August suggests much of the same weather and activities as July, except we are one month closer to cooler weather.
In the last article, I mentioned chinch bugs. I have seen many yards that have insect damage. If the patches have thick dead grass, it is necessary to remove the dead grass. In the fall, after it cools down, fill the patches with compost and soil to level. If you use compost now, it will turn the grass yellow. If you fertilize now, use an organic fertilizer. It doesn’t have to be watered immediately and it doesn’t burn the grass. If you use a chemical fertilizer, wait until September and water in as soon as possible.
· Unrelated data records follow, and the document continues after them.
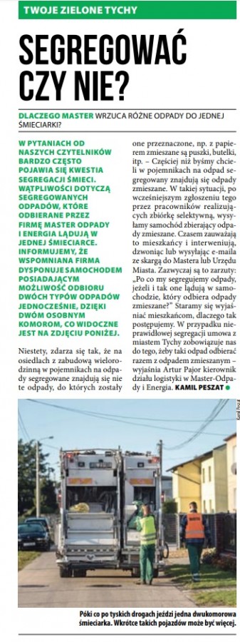 W dniu 29.10.2019 r. w Tygodniku "Twoje Tychy" nr 44/623, str. 10, opublikowany został artykuł: "Segregować czy nie?".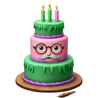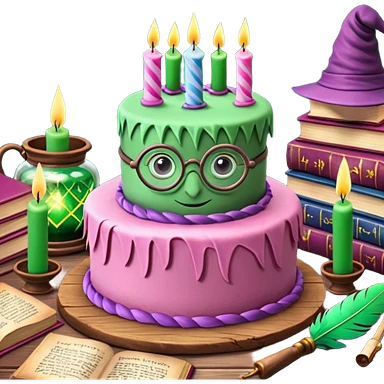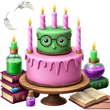 Harry Potter themed pink birthday cake with green 'Happy Birthday Harry' icing, surrounded by wizard books, candles, potion bottles, feathers, and glasses on wooden table, magical atmosphere." emoji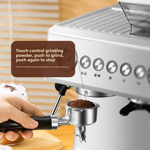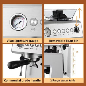 Espresso Coffee Maker with Adjustable Coffee Beans 7 ways to grind | 1 and 2 whisk system | Variable Bar | Lance with steam for whisking milk | Espresso

August is as late as you can wait to plant Bermuda seed. Bermuda must stay wet until it has germinated. You may have to water 3 to 4 times a day. If you have large areas to be re-seeded, using Bermuda sod squares would be the easiest. The new sod, Bermuda or St. Augustine, will need to be kept wet for about 10 days, until it takes root. Be sure to use a roller and roll the sod. The roots must make contact with the soil.
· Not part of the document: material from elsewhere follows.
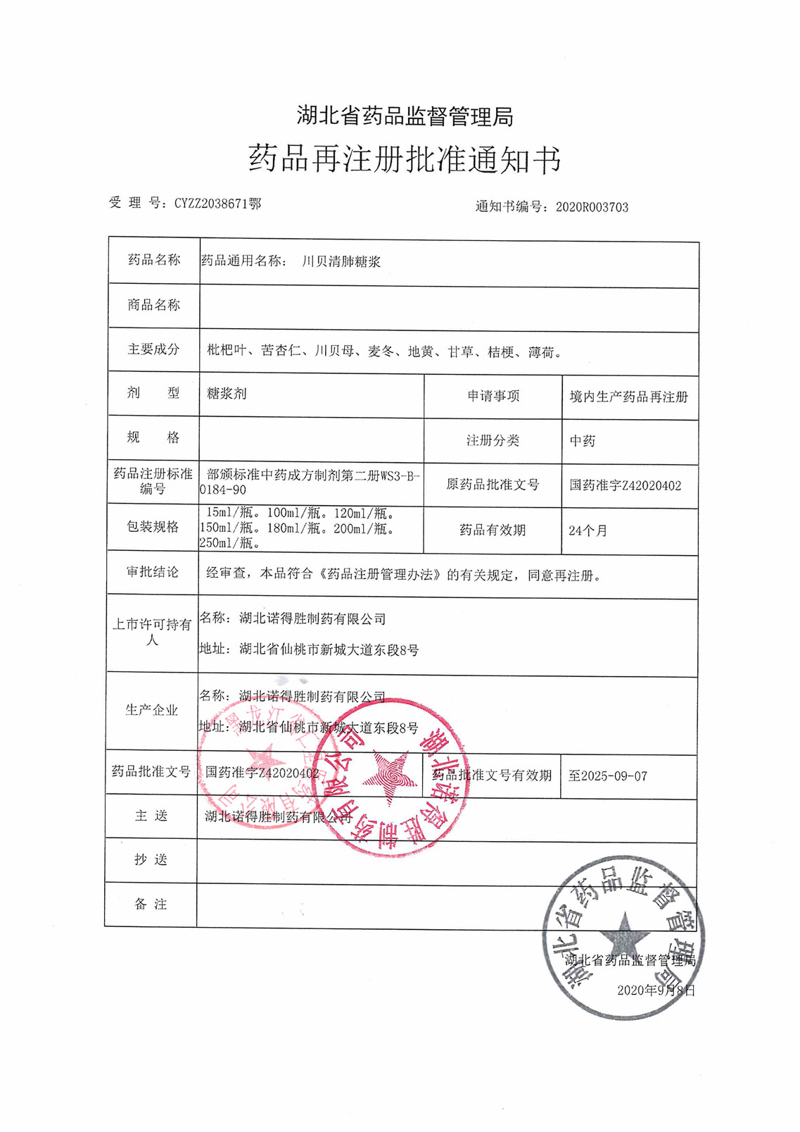 川貝清肺糖漿湖北諾得

Start locating and purchasing wildflower seed, to be planted in September and October. Remove weeds from the planting area and rake the soil. The seed must be in contact with the soil, but don’t cover them; rake the soil over the seed and walk on the seeded area.
Prune roses in early August, except climbing roses. It will give the roses time to form new growth for the fall. Shear and prune annuals and perennials. Fertilize and water for a new flush of blooms. Prune broadleaf shrubs and vines to keep them in bounds.
If you feel like it is time to dig, divide and re-plant perennials, the rule is to dig the opposite season they bloom. If they bloom in early spring, dig in the fall. If you want to move or plant palms, sago, windmill palm or Mexican fan palm, this is the time to do it. They must be moved during the warm weather.
CORRECTION: In the July 29 KBB article, the photo was incorrectly labeled. Don Klesick was planting the crape myrtle with Judy, not Bobby Fishbeck.